START Given information
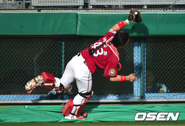 4회말 삼성 공격 선두타자로 나선 이승엽의 파울 타구를 KIA 포수 백용환이 끝까지 쫓아가 잡아내고 있다.
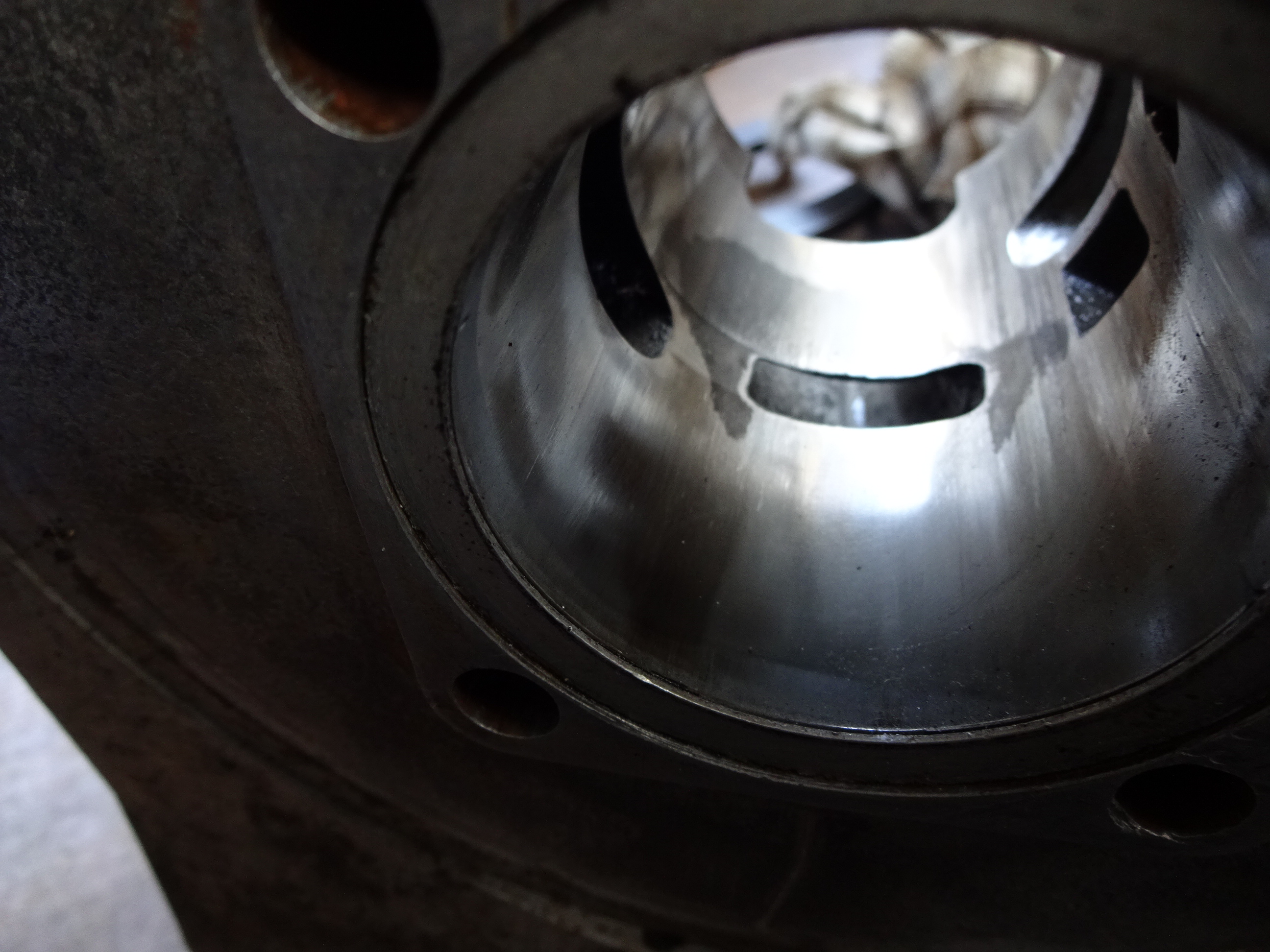 Der Zylinder hat es hinter sich, Einhakspuren an den Kanälen und großflächig Chrom verschlissen. Muss neu beschichtet werden mit neuem Kolben.
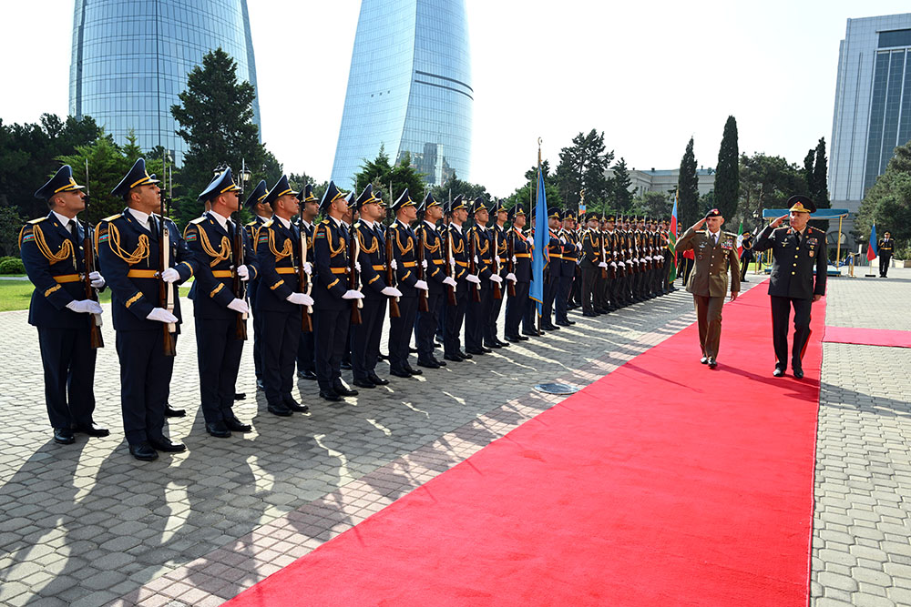 Azərbaycan Ordusunun Baş Qərargahında təşkil edilən rəsmi qarşılanma mərasimində fəxri qarovul dəstəsinin önündən keçiddən sonra hər iki ölkənin Dövlət himnləri səsləndirilib və protokola uyğun olaraq “Şərəf kitabı” imzalanıb.
END Given information
**What you should do:**
Please produce an exact copy of the listing, omitting the pictures.

**Worked solution:**
 4회말 삼성 공격 선두타자로 나선 이승엽의 파울 타구를 KIA 포수 백용환이 끝까지 쫓아가 잡아내고 있다.
 Der Zylinder hat es hinter sich, Einhakspuren an den Kanälen und großflächig Chrom verschlissen. Muss neu beschichtet werden mit neuem Kolben.
 Azərbaycan Ordusunun Baş Qərargahında təşkil edilən rəsmi qarşılanma mərasimində fəxri qarovul dəstəsinin önündən keçiddən sonra hər iki ölkənin Dövlət himnləri səsləndirilib və protokola uyğun olaraq “Şərəf kitabı” imzalanıb.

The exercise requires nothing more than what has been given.